LGBTQ groups, as well as parents and students, sued the state of Florida and its Republican governor on March 31 over the newly signed legislation dubbed as “Don’t Say Gay” law by critics.
Over a dozen LGBTQ advocates filed the federal lawsuit in the U.S. District Court for the Northern District of Florida, arguing that the Parental Rights in Education law or HB 1557 “is an unlawful attempt to stigmatize, silence, and erase LGBTQ people in Florida’s public schools.”
“Through H.B. 1557, Florida would deny to an entire generation that LGBTQ people exist and have equal dignity. This effort to control young minds through state censorship — and to demean LGBTQ lives by denying their reality — is a grave abuse of power,” the 80-page complaint read.
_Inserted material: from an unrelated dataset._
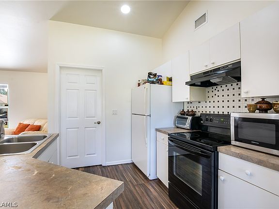 This home has been beautifully updated and boasts vaulted ceilings as well as lots of indoor and outdoor living space. If you appreciate a tropical Florida landscape with room for growing Avocados, Mangos, Citrus trees and gardens, this is the ONE! Located on a dead end street, you will love the peace and quiet of this home that offers plenty of room for storage and grown-up toys. Upgrades include: New light fixtures, BRAND NEW Modern Flooring, Master bath vanity, window coverings and more! This pristine charmer is located in the highly sought after SW section of Lehigh Acres and an easy commute to Fort Myers or I-75. This would make a terrific Primary or 2nd Home Residence. Add in the bonus value with the convenience of Shopping, Restaurants, SW International Airport ("RSW"), White Sand Beaches, Sanibel & Captiva, the Red Sox and Minnesota Twins Stadiums, FGCU and the exciting Daniels and Colonial Parkway/SR-82 Corridor. Prices are rising so call today to schedule your private tour!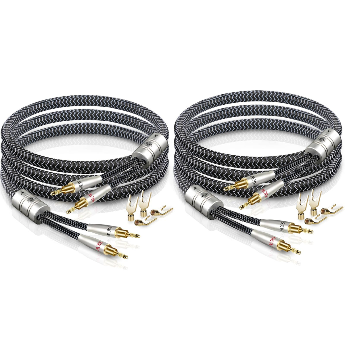 Skw High End Wg Series A Pair Speaker Cable With Convertible Banana And Spade Plugs 5Ft/1.5M (2 Cables)

Attorneys for the New York-based firm Kaplan Hecker & Fink LLP and the National Center for Lesbian Rights on behalf of Equality Florida and Family Equality, as well as several Florida families, filed the complaint.
The legislation, signed by Florida Governor Ron DeSantis on March 28, will ban classroom instruction on sexual orientation or gender identity through third grade when it takes effect on July 1.
The lawsuit argues that the legislation violates the constitutionally protected rights of free speech, equal protection, and due process of students and families.
The lawsuit also pointed out the “vagueness” of the legislation, saying that “nobody knows exactly what the statutory language covers.”
DeSantis’ Communications Director Taryn Fenske called the lawsuit a “political Hail-Mary to undermine parental rights in Florida.”
“This calculated, politically motivated, virtue-signaling lawsuit is meritless, and we will defend the legality of parents to protect their young children from sexual content in Florida public schools,” Fenske said in a statement.